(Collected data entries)
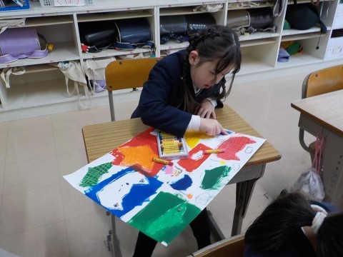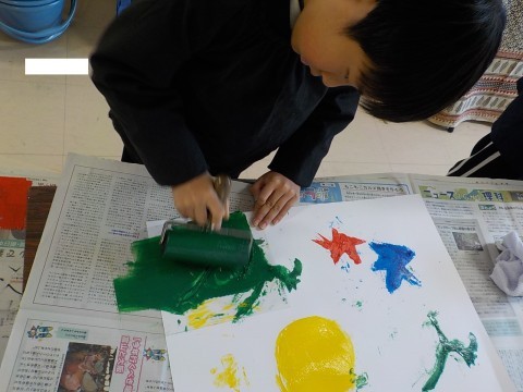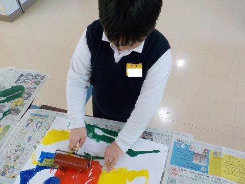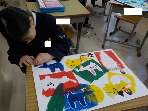 「たくさんうつそう わたしの形」の学習をしました♪自分で作った形を、ローラーにインクをつけてうつしました。最後は、クレパスを使い楽しく作品を仕上げることができました♪
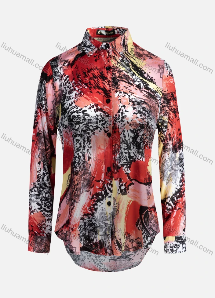 Wholesale Women's Vintage Long Sleeve Floral Collared Button Down Shirt 23072#
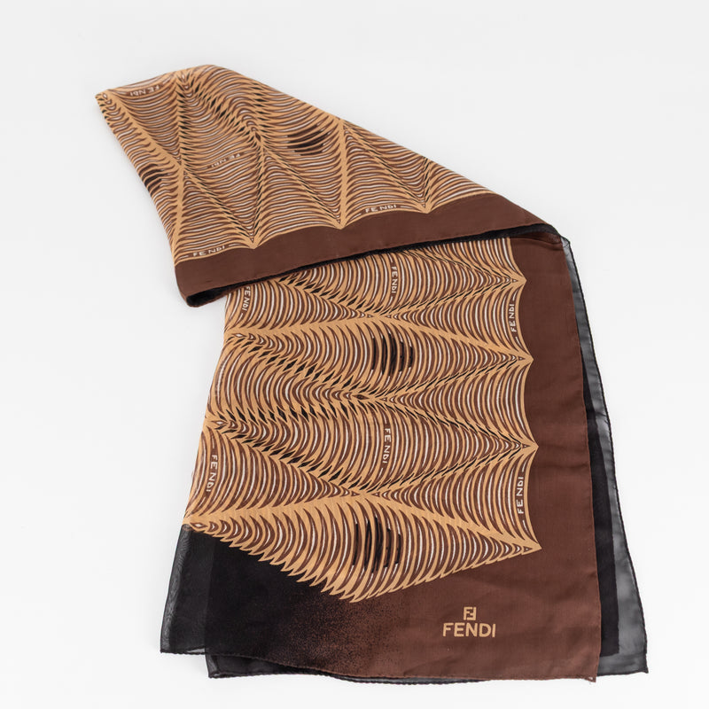 Fendi Brown, Black & White Patterned & Logo Long Scarf
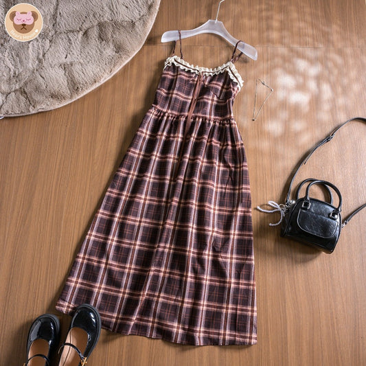 Daiki Santa Scotte Dress เดรสยาวลายสก็อต งานนำเข้า
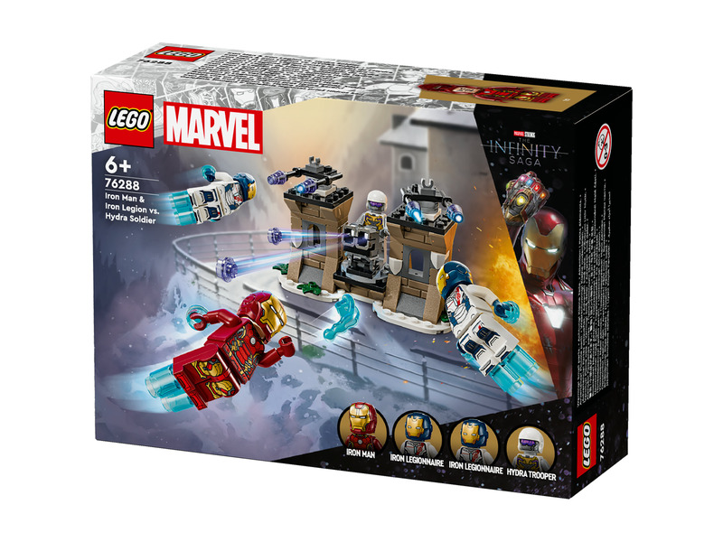 A LEGO® Marvel Vasember és a Vaslégió vs. Hydra-katona (76288) megépíthető, szuperhősös kalandjáték felidézi a Marvel Studios Bosszúállók: Ultron kora című film egyik jelenetét, amelyben a Vasember és 2 vaslégiós repül a Hydra-katona megerősített bázisára. Ez a megépíthető, szuperhősös játékszett telis-tele van vagány jellemzőkkel és kiegészítőkkel, hogy egy igazán szuper építőjáték legyen a gyerekek, főként a Bosszúállók 6+ éves rajongói számára.
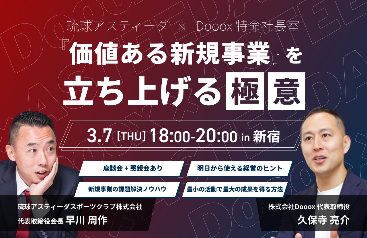 “行動で世の中を変えていく“を理念に掲げる株式会社Dooox(本社:東京都千代田区、代表:久保寺亮介/以下「当社」)は経営者の皆様の交流の場として、第二回交流会「Dooox会」を都内で開催します。今回はスペシャルゲストをお呼びし、座談会×交流会形式で”新規事業立ち上げの極意”に迫ります。エントリーはこちらから:https://forms.gle/VQxHVd3tR5F4U4JJ9
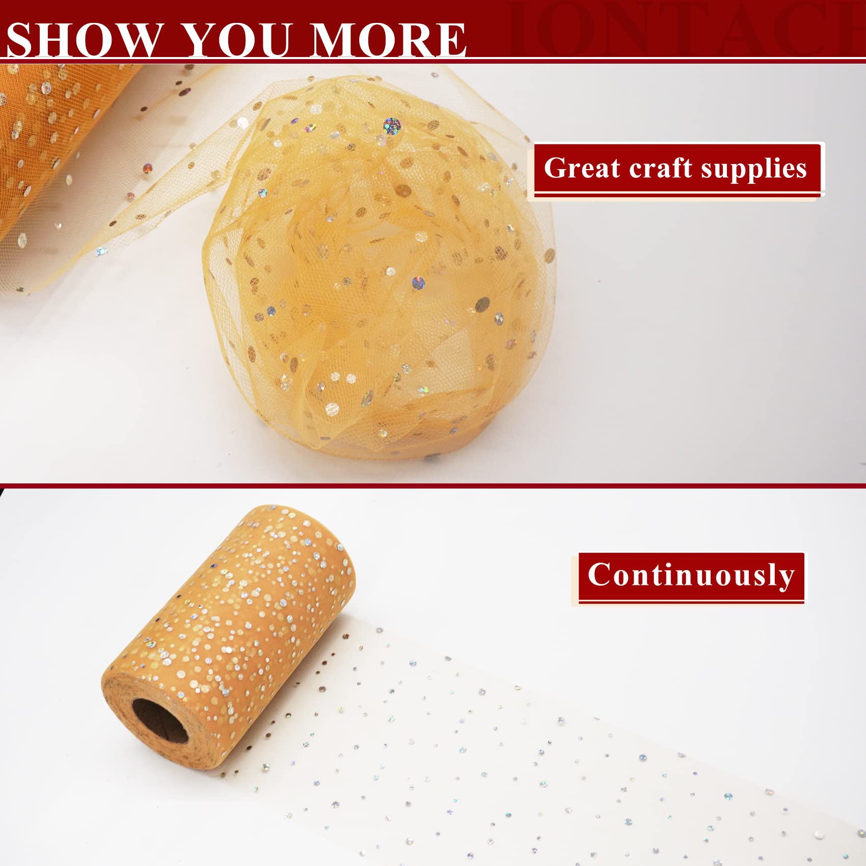 • The stunning glitter tulle. Measuring 6 inches in width and 50 yards sizes ( 150FT ), Whenever it comes to adding extra fun and shine to your crafts and decor, you can never go wrong with sequin tulle roll
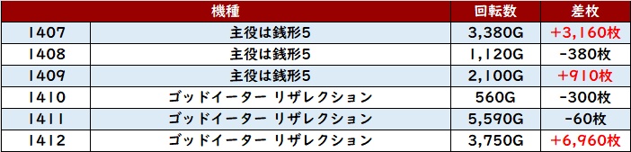 その結果、6台中5台が差枚数+2,300枚以上と素晴らしい出玉感を記録し、盛り上がりを牽引した!
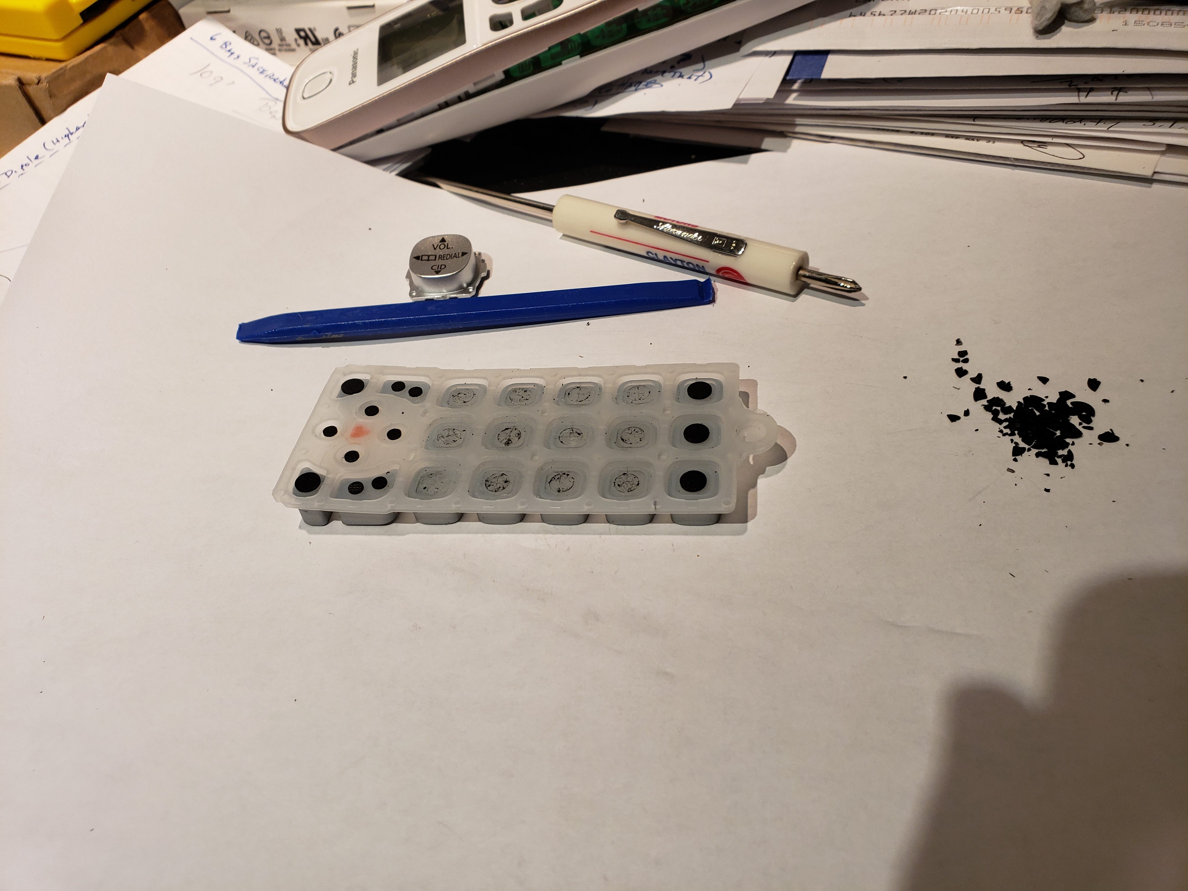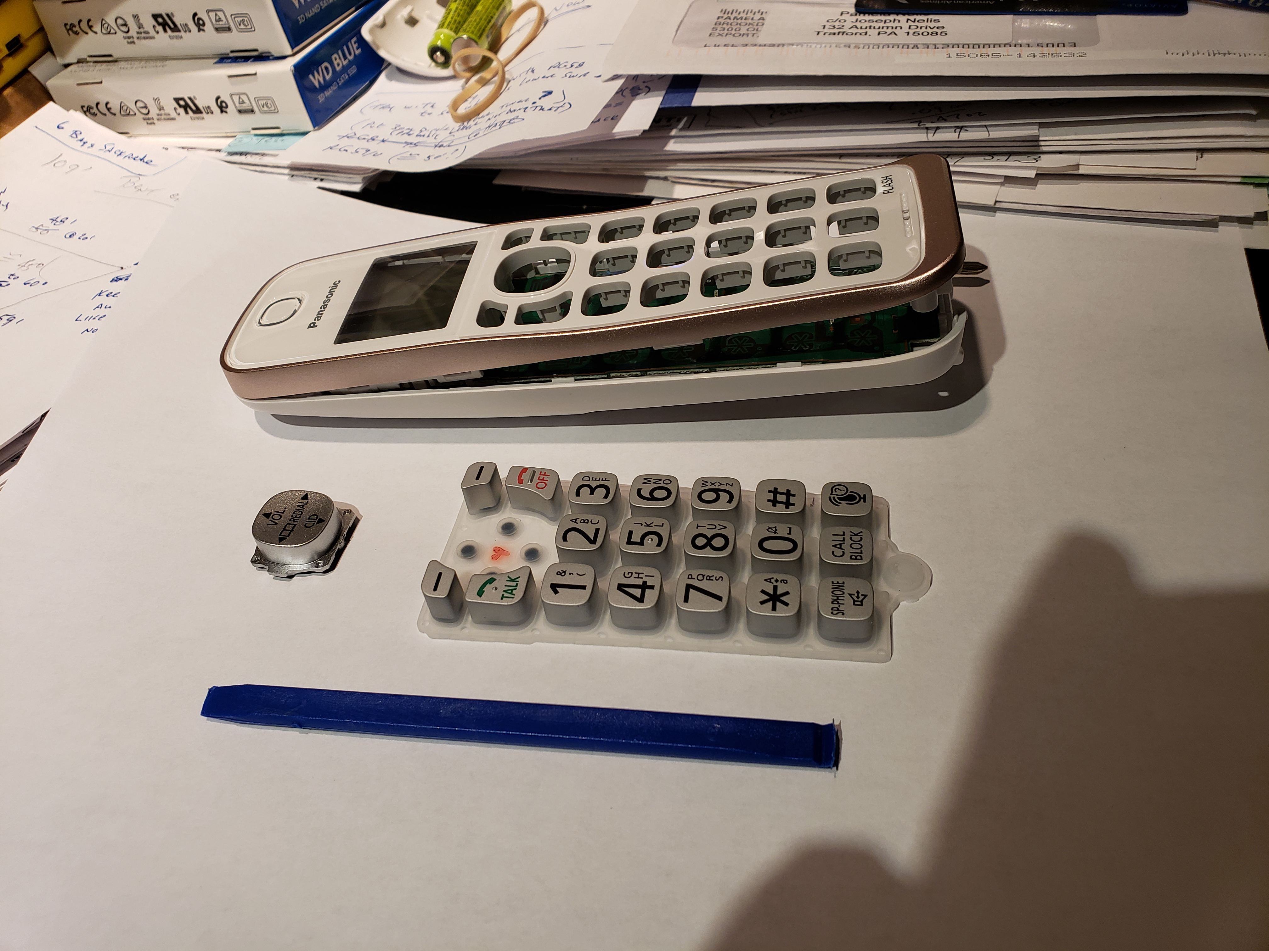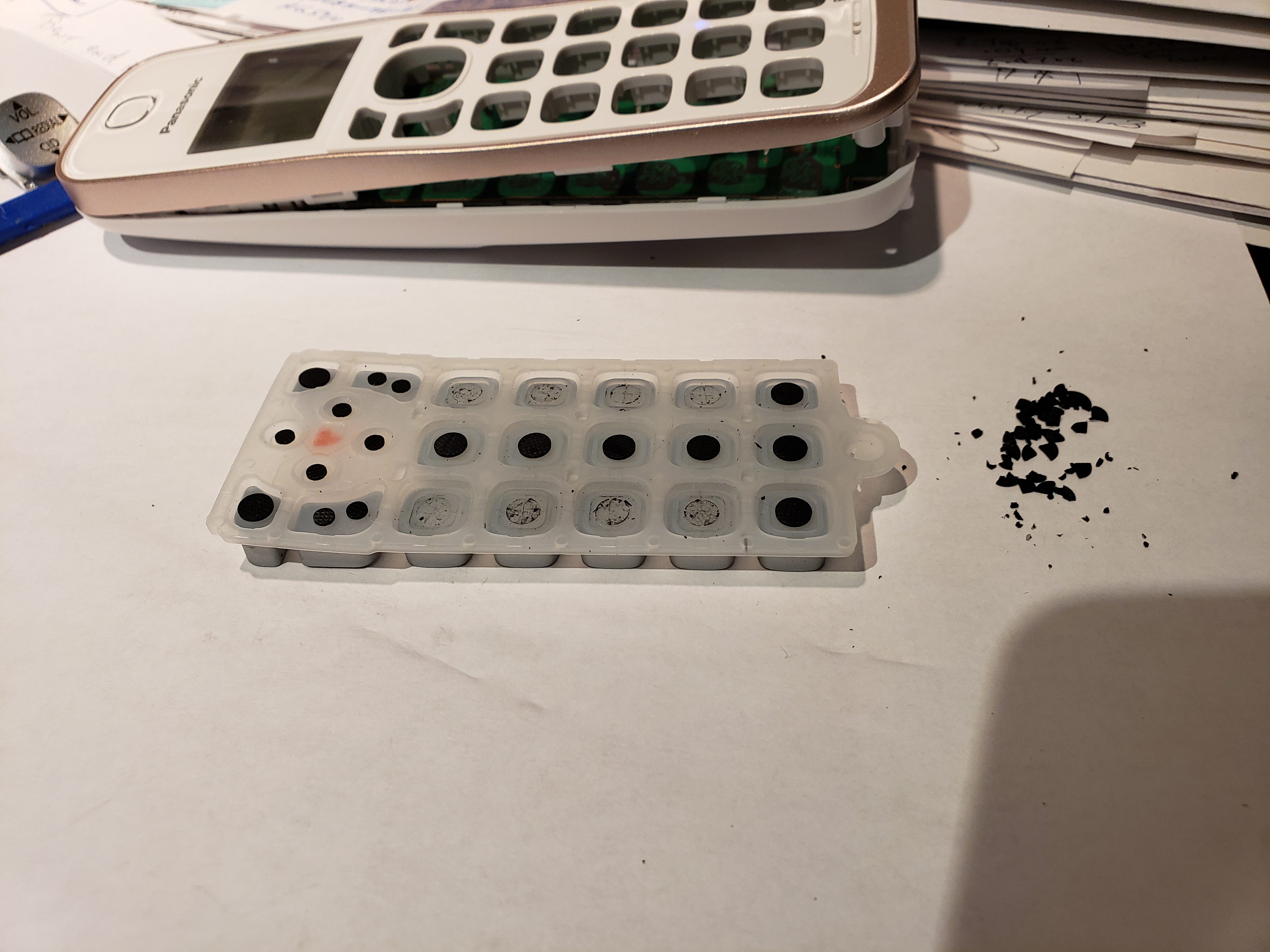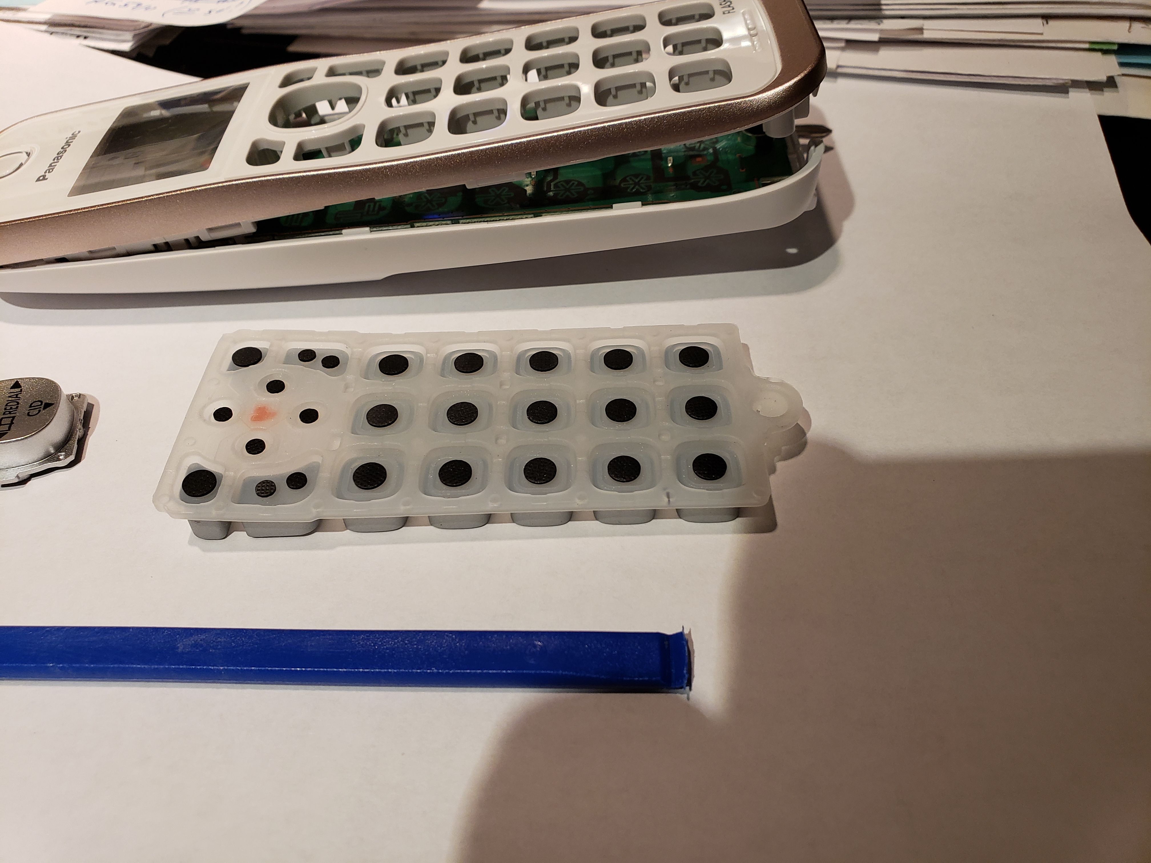 She is using a Panasonic KX-TGD562G Cordless Phone. Fortunately, disabling the numeric buttons on that model was not terribly difficult to do. Like many consumer electronic devices, there are conductive ‘pills’ underneath the buttons. Whenever the buttons are pressed, those conductive pills are then pressed against the printed circuit board that is below the buttons and that completes a circuit. I suppose there are various ways of disabling these buttons. I chose to remove those conductive ‘pills’ from the bottom of those ten buttons. The steps required to do that for this particular brand/model are shown below.
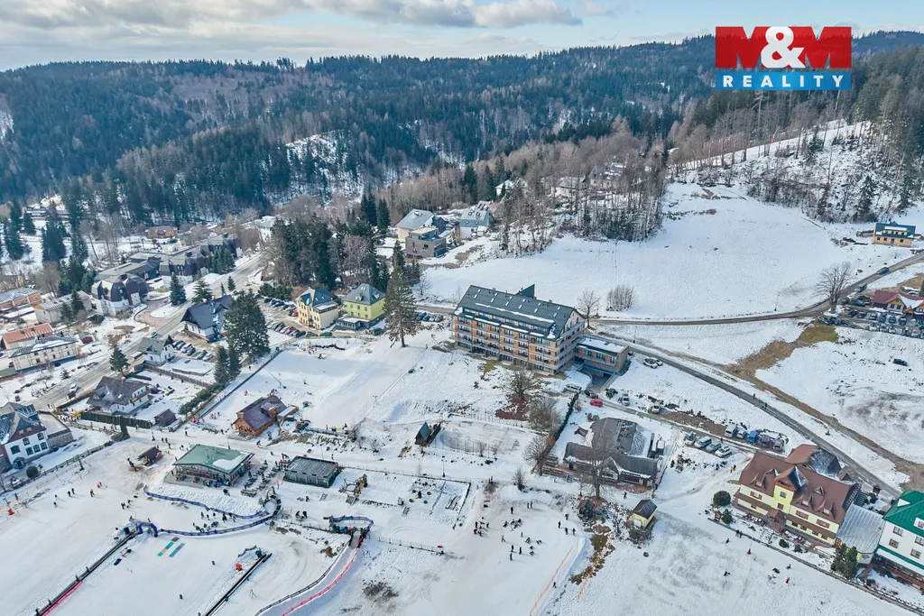 Prodej ski apartmánu 1+kk 34 m² Jánské Lázně, přímo pod sjezdovkou na Černou horu. Apartmán je stylově zařízený a prodává se s celkový vybavením. Je vhodný pro rekreační pobyt a nebo dlouhodobé bydlení pro milovníky hor, přírody, klidu, lyžování, či horské turistiky. Ski areál Černá hora, ski school, upravené běžecké tratě, restaurace a další služby pro návštěvníky jsou v těsné blízkosti apartmánového domu. Jánské Lázně 10 min chůze. Zde je i Aquapark, kino. Součástí prodeje je sklep, ski box s vyhříváním. V současné době je apartmán pronajímán přes cestovní kancelář v Trutnově, který zajištuje i úklid. Zavedený internet. Občanská dostupnost a vybavenost velmi dobrá.

* _Work instructions_
Please set the records down again exactly as written. The pictures should not be included.

* _Expected answer_
 「たくさんうつそう わたしの形」の学習をしました♪自分で作った形を、ローラーにインクをつけてうつしました。最後は、クレパスを使い楽しく作品を仕上げることができました♪
 Wholesale Women's Vintage Long Sleeve Floral Collared Button Down Shirt 23072#
 Fendi Brown, Black & White Patterned & Logo Long Scarf
 Daiki Santa Scotte Dress เดรสยาวลายสก็อต งานนำเข้า
 A LEGO® Marvel Vasember és a Vaslégió vs. Hydra-katona (76288) megépíthető, szuperhősös kalandjáték felidézi a Marvel Studios Bosszúállók: Ultron kora című film egyik jelenetét, amelyben a Vasember és 2 vaslégiós repül a Hydra-katona megerősített bázisára. Ez a megépíthető, szuperhősös játékszett telis-tele van vagány jellemzőkkel és kiegészítőkkel, hogy egy igazán szuper építőjáték legyen a gyerekek, főként a Bosszúállók 6+ éves rajongói számára.
 “行動で世の中を変えていく“を理念に掲げる株式会社Dooox(本社:東京都千代田区、代表:久保寺亮介/以下「当社」)は経営者の皆様の交流の場として、第二回交流会「Dooox会」を都内で開催します。今回はスペシャルゲストをお呼びし、座談会×交流会形式で”新規事業立ち上げの極意”に迫ります。エントリーはこちらから:https://forms.gle/VQxHVd3tR5F4U4JJ9
 • The stunning glitter tulle. Measuring 6 inches in width and 50 yards sizes ( 150FT ), Whenever it comes to adding extra fun and shine to your crafts and decor, you can never go wrong with sequin tulle roll
 その結果、6台中5台が差枚数+2,300枚以上と素晴らしい出玉感を記録し、盛り上がりを牽引した!
 She is using a Panasonic KX-TGD562G Cordless Phone. Fortunately, disabling the numeric buttons on that model was not terribly difficult to do. Like many consumer electronic devices, there are conductive ‘pills’ underneath the buttons. Whenever the buttons are pressed, those conductive pills are then pressed against the printed circuit board that is below the buttons and that completes a circuit. I suppose there are various ways of disabling these buttons. I chose to remove those conductive ‘pills’ from the bottom of those ten buttons. The steps required to do that for this particular brand/model are shown below.
 Prodej ski apartmánu 1+kk 34 m² Jánské Lázně, přímo pod sjezdovkou na Černou horu. Apartmán je stylově zařízený a prodává se s celkový vybavením. Je vhodný pro rekreační pobyt a nebo dlouhodobé bydlení pro milovníky hor, přírody, klidu, lyžování, či horské turistiky. Ski areál Černá hora, ski school, upravené běžecké tratě, restaurace a další služby pro návštěvníky jsou v těsné blízkosti apartmánového domu. Jánské Lázně 10 min chůze. Zde je i Aquapark, kino. Součástí prodeje je sklep, ski box s vyhříváním. V současné době je apartmán pronajímán přes cestovní kancelář v Trutnově, který zajištuje i úklid. Zavedený internet. Občanská dostupnost a vybavenost velmi dobrá.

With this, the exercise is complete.